Say we have the following dataframe (which is borrowed from 'PySpark by Examples' website):
simpleData = [("James","Sales","NY",90000,34,10000), \
("Michael","Sales","NY",86000,56,20000), \
("Robert","Sales","CA",81000,30,23000), \
("Maria","Finance","CA",90000,24,23000), \
("Raman","Finance","CA",99000,40,24000), \
("Scott","Finance","NY",83000,36,19000), \
("Jen","Finance","NY",79000,53,15000), \
("Jeff","Marketing","CA",80000,25,18000), \
("Kumar","Marketing","NY",91000,50,21000) \
]
Then, if we run the two following sort (orderBy) commands:
df.sort("department","state").show(truncate=False)
or
df.sort(col("department"),col("state")).show(truncate=False)
We get the same result:
------------- ---------- ----- ------ --- -----
|employee_name|department|state|salary|age|bonus|
------------- ---------- ----- ------ --- -----
|Maria |Finance |CA |90000 |24 |23000|
|Raman |Finance |CA |99000 |40 |24000|
|Jen |Finance |NY |79000 |53 |15000|
|Scott |Finance |NY |83000 |36 |19000|
|Jeff |Marketing |CA |80000 |25 |18000|
|Kumar |Marketing |NY |91000 |50 |21000|
|Robert |Sales |CA |81000 |30 |23000|
|James |Sales |NY |90000 |34 |10000|
|Michael |Sales |NY |86000 |56 |20000|
------------- ---------- ----- ------ --- -----
I know the first one takes the DataFrame column name as a string and the next one takes columns in Column type.

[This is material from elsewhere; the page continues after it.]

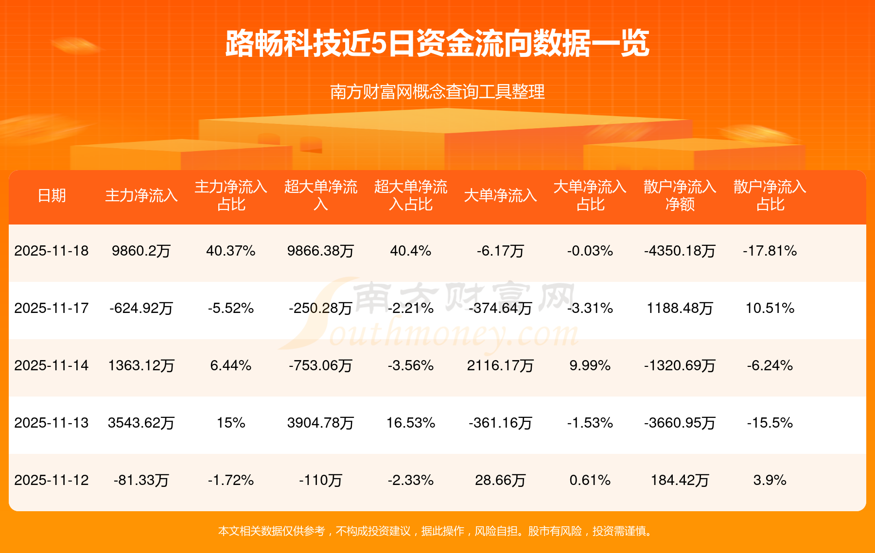 11月18日消息,路畅科技资金净流入9860.2万元,超大单净流入9866.38万元,换手率7.02%,成交金额2.44亿元。
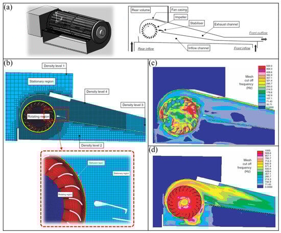 However, from another point of view, it is important to consider mesh generation as it directly affects the quality of performed calculations. So, it is important to perform an interaction through these parameters to optimize the time and cost of calculations by considering an optimized mesh density. Noel et al. [49] performed a multiphysics analysis to calculate sound power level. In fact, they have included an acoustic software code and a CFD code (STAR-CD) in calculating the propagation of the sound power level of a CFF. The cross-section of the duct system, the cross-flow impeller, and the detail of the computational grid are shown in Figure 13a,b. Depending on the possibility of defining the frequency, the mesh density in the fan region was fixed at about 55% of the total fluid cell, as stated by the authors. Figure 13c,d show the frequency range for the first and final computational grids, respectively. Based on their findings, they have observed good agreements between the extracted velocity profile from the PIV test and the CFD model.

But is there a difference between these two in case of tasks such as processing or future uses? Is one of them better than the other or pySpark standard form? Or are they just aliases?
PS: In addition to the above, one of the reasons I'm asking this question is that someone told me there is a 'standard' business form for using Spark. For example, 'alias' is more popular than 'withColumnRenamed' in the business. Of course, this doesn't sound right to me.
CodePudding user response:
To be certain that the two versions do the same thing, we can have a look at the source code of dataframe.py. Here is the signature of the sort
method:
def sort(
self, *cols: Union[str, Column, List[Union[str, Column]]], **kwargs: Any
) -> "DataFrame":
When you follow the various method calls, you end up on this line:
jcols = [_to_java_column(cast("ColumnOrName", c)) for c in cols]
, that converts all column objects, whether they are strings or columns (cf method signature) to java columns. Then only the java columns are used regardless of how they were passed to the method so the two versions of the sort method do the exact same thing with the exact same code.
CodePudding user response:
If you look at the explain plan you'll see that both queries generate the same physical plan, so processing wise they are identical.
df_sort1 = df.sort("department", "state")
df_sort2 = df.sort(col("department"), col("state"))
df_sort1.explain()
df_sort2.explain()
== Physical Plan ==
AdaptiveSparkPlan isFinalPlan=false
- Sort [department#1 ASC NULLS FIRST, state#2 ASC NULLS FIRST], true, 0
- Exchange rangepartitioning(department#1 ASC NULLS FIRST, state#2 ASC NULLS FIRST, 200), ENSURE_REQUIREMENTS, [id=#8]
- Scan ExistingRDD[employee_name#0,department#1,state#2,salary#3L,age#4L,bonus#5L]
== Physical Plan ==
AdaptiveSparkPlan isFinalPlan=false
- Sort [department#1 ASC NULLS FIRST, state#2 ASC NULLS FIRST], true, 0
- Exchange rangepartitioning(department#1 ASC NULLS FIRST, state#2 ASC NULLS FIRST, 200), ENSURE_REQUIREMENTS, [id=#18]
- Scan ExistingRDD[employee_name#0,department#1,state#2,salary#3L,age#4L,bonus#5L]
Businesses might have coding guidelines in which they specify what to use. If they exist then follow them. If not and you're working on existing code then usually best to follow what is there already. Otherwise its mainly preference, I'm not aware of a 'standard business form' of pyspark.
In case of alias vs withColumnRenamed there is an argument to be made in favor of alias if you're renaming multiple columns. Selecting with alias will generate a single projection in the parsed logical plan where using multiple withColumnRenamed will generate multiple projections.